YOUR TASK: Nothing but the lines from the one containing "在滤镜中选择高斯模糊,半径设" to the end of the data should be copied, exactly, and the pictures stay out.
[[ DATA EXCERPT, beginning ]]
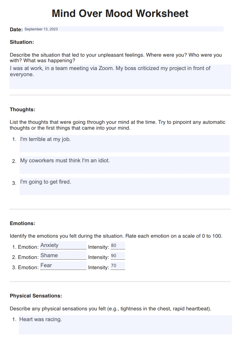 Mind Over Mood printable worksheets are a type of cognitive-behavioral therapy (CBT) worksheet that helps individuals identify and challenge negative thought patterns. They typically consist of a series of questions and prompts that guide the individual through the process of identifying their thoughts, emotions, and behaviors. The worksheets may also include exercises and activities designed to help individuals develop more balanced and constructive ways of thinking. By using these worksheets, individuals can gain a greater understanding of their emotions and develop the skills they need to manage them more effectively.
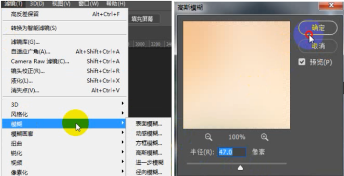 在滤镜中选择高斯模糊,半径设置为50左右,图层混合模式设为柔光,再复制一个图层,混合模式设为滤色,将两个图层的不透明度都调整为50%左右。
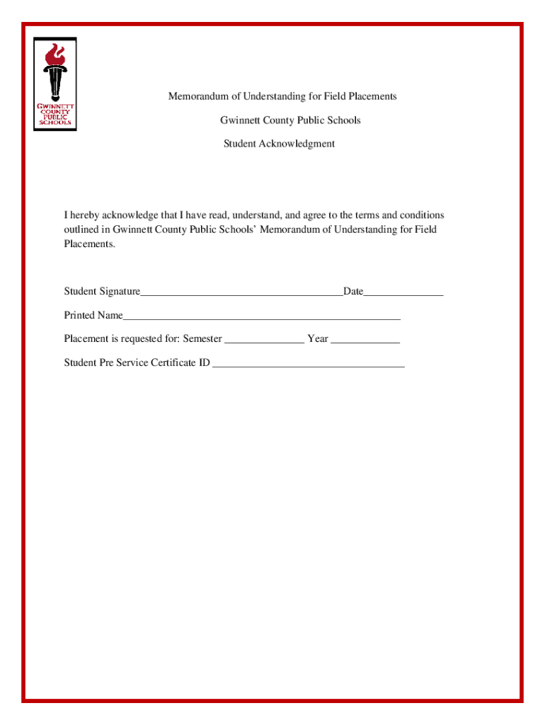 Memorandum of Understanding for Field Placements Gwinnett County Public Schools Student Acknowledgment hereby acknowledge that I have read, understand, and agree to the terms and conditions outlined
[[ DATA EXCERPT, end ]]
ANSWER FOR THE TASK:
 在滤镜中选择高斯模糊,半径设置为50左右,图层混合模式设为柔光,再复制一个图层,混合模式设为滤色,将两个图层的不透明度都调整为50%左右。
 Memorandum of Understanding for Field Placements Gwinnett County Public Schools Student Acknowledgment hereby acknowledge that I have read, understand, and agree to the terms and conditions outlined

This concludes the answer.